Die in der Verordnung kundgemachte Bundeshöchstzahl entspricht, da sie von falschen Daten aus berechnet wurde, nicht der gesetzlichen Vorgabe des ersten Satzes des §12a Abs1 AuslBG.
Die Ausführungen des Bundesministers, daß die Bundeshöchstzahl während des ganzen Jahres um mehr als 10.000 überschritten war, sodaß weder die fehlerhafte Ermittlung noch die Abrundung der Bundeshöchstzahl eine tatsächliche Wirkung gehabt hätten, sind nicht geeignet, die Prüfung und Aufhebung der Verordnung zu verhindern, da der Verfassungsgerichtshof eine präjudizielle Norm losgelöst von den Auswirkungen auf den Anlaßfall zu prüfen hat (s VfSlg 9755/1983, 11190/1986).
Von der gemäß §12a Abs1 AuslBG kundgemachten (in concreto fehlerhaft berechneten und abgerundeten) Bundeshöchstzahl errechnet sich auch jene Zahl, bis zu der die durch §12a Abs2 AuslBG vorgesehene Überschreitung der Bundeshöchstzahl um einen Prozentpunkt zulässig ist. Daß die Gesamtzahl der unselbständig beschäftigten und arbeitslosen Ausländer den Anteil von 9 Prozent am österreichischen Arbeitskräftepotential überschritten habe, wird auch vom Bundesminister für Arbeit und Soziales nicht behauptet. Insofern ist daher die Relevanz der unterlaufenen Fehler nicht zu leugnen.
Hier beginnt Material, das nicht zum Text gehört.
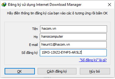 Để nhập Key IDM bạn cần truy cập vào ứng dụng>> Chọn mục Đăng ký>> Điền thông số vào bảng: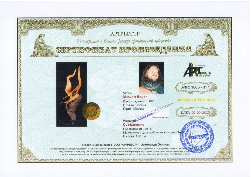 Online система регистрации арт-объектов artreestr / Сертификаты произведений членов «АРТ реестра» / Балан Михаил Александрович / Соединение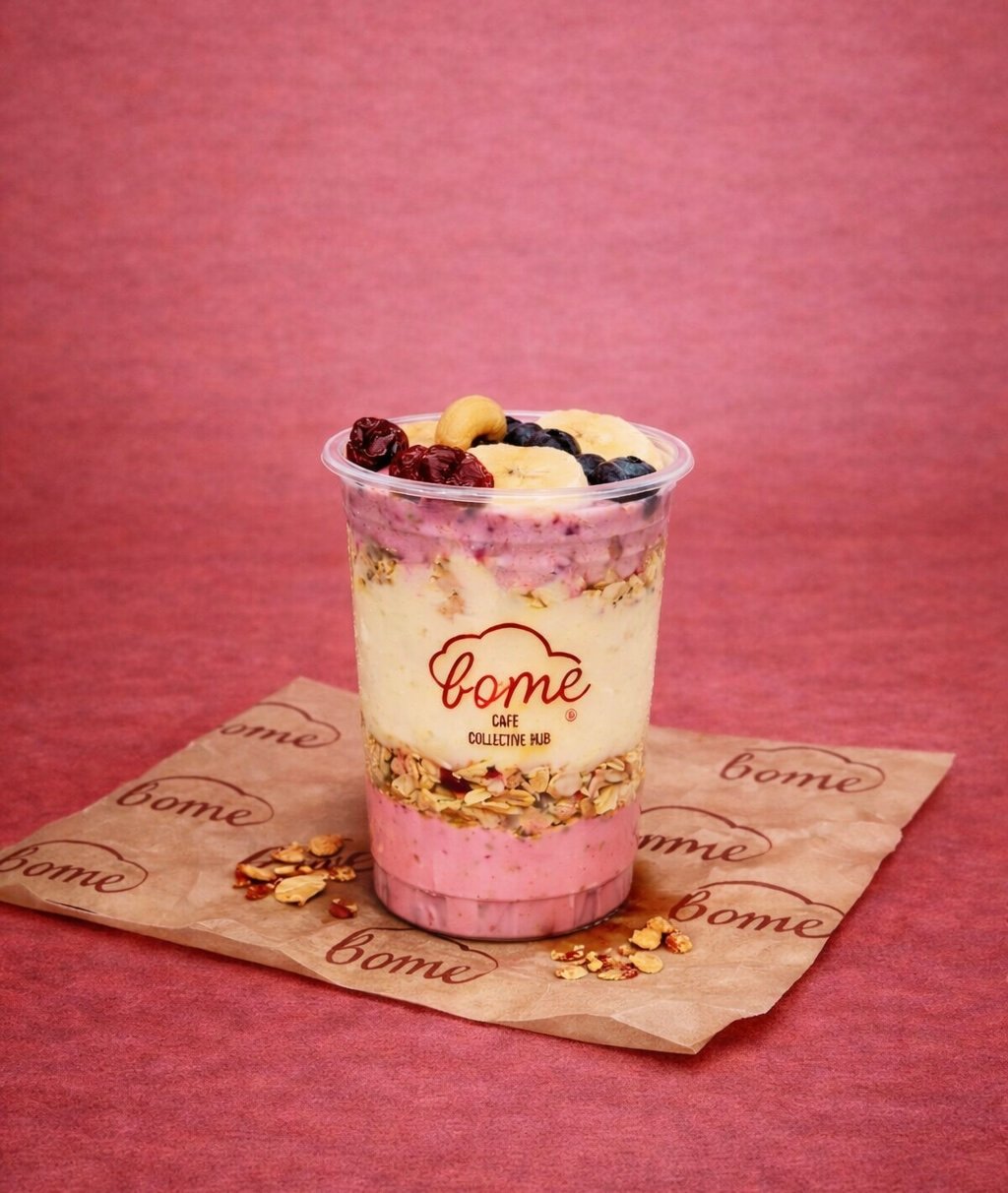 Knuspriges Walnuss-Granola trifft auf cremigen Vanille- und fruchtigen Heidelbeerjoghurt – kombiniert mit einer bunten Auswahl an frischem und getrocknetem Obst. Eine ausgewogene Bowl voller Geschmack, Energie und natürlicher Süße – perfekt für einen genussvollen Start in den Tag oder als gesunder Snack zwischendurch.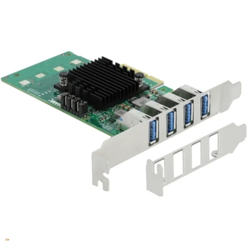 • PCIe x4 sávszélesség: az x4-es csatoló nagyobb össz-sávszélességet biztosít, mint az elterjedtebb x1-es kártyák, ez különösen akkor előnyös, ha mind a négy portot egyszerre nagy sebességgel terheljük.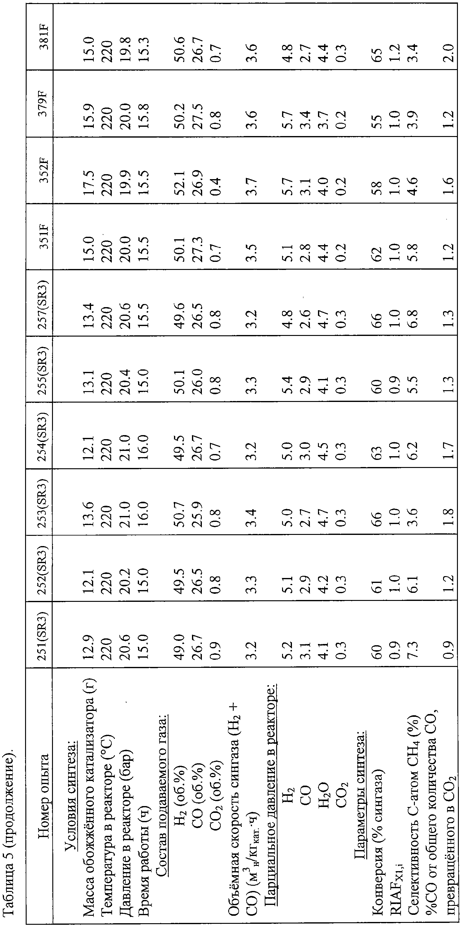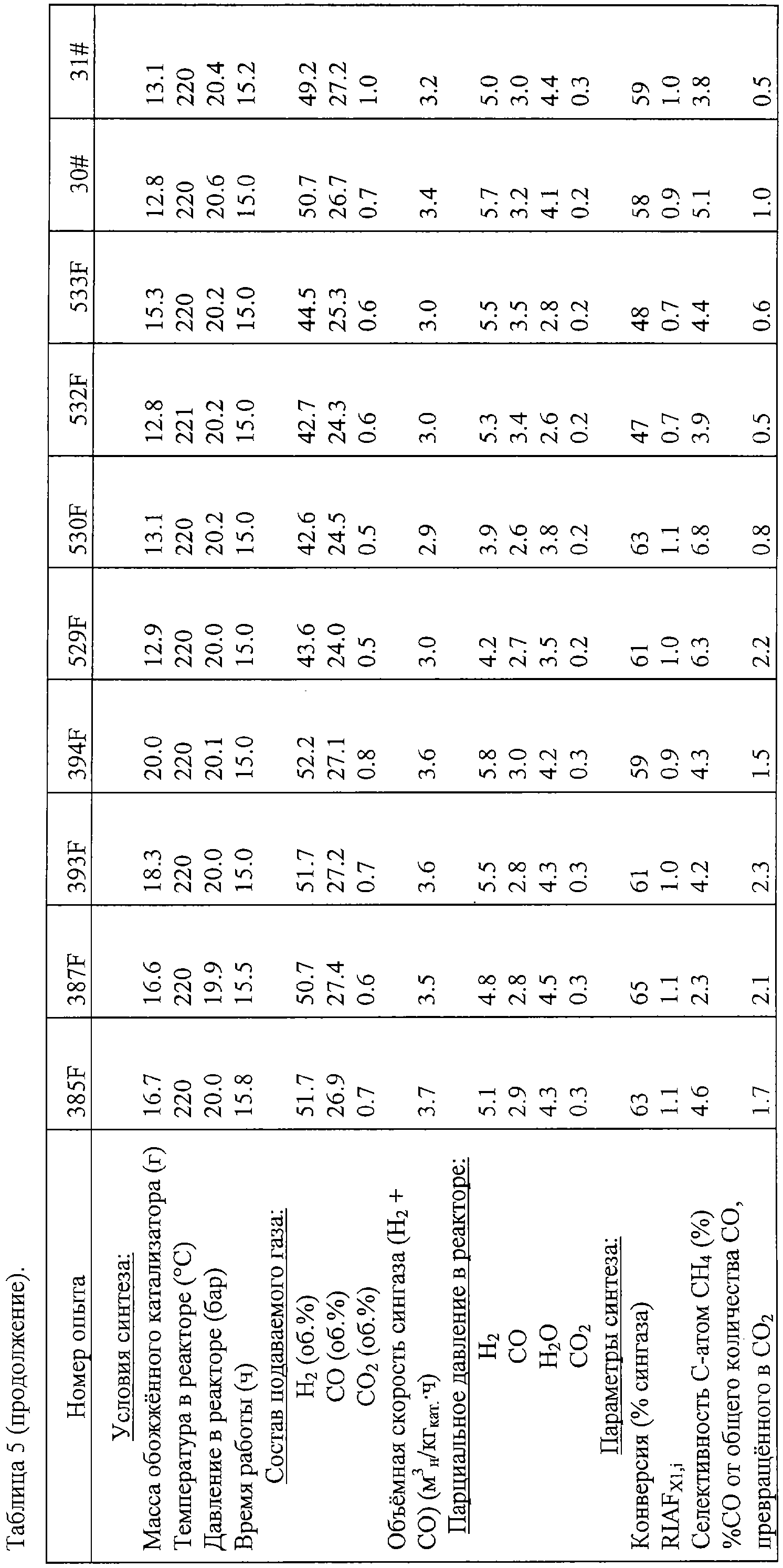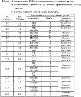 После проведения этих опытов в суспензии в CSTR Фишера-Тропша определяли соответствующие RIAFX1,i, что показано в Таблице 5 и коррелировали с методами активации, показанными в Таблице 1 и Таблице 2 и на Фиг.2 и Фиг.3.

Eine Auslegung des §12a Abs1 iVm §4 Abs7 AuslBG dahin, daß im Falle des Unterbleibens der Kundmachung bzw im Fall ihrer Aufhebung die Behörden bei Entscheidung über einen Antrag auf Erteilung einer Beschäftigungsbewilligung in jedem Einzelfall zu berechnen hätten, ob mit der Erteilung der Bewilligung die zulässige Höchstzahl überschritten wird, verbietet sich aus verfassungsrechtlichen Überlegungen. Denn dadurch würde die Erteilung von Beschäftigungsbewilligungen von zeitlichen Zufälligkeiten abhängig gemacht, die zu einer sachlich nicht mehr begründbaren Unterscheidung zwischen verschiedenen Bewilligungswerbern in materiell gleicher Lage führen müßte (vgl VfSlg 7708/1975, 10620/1985).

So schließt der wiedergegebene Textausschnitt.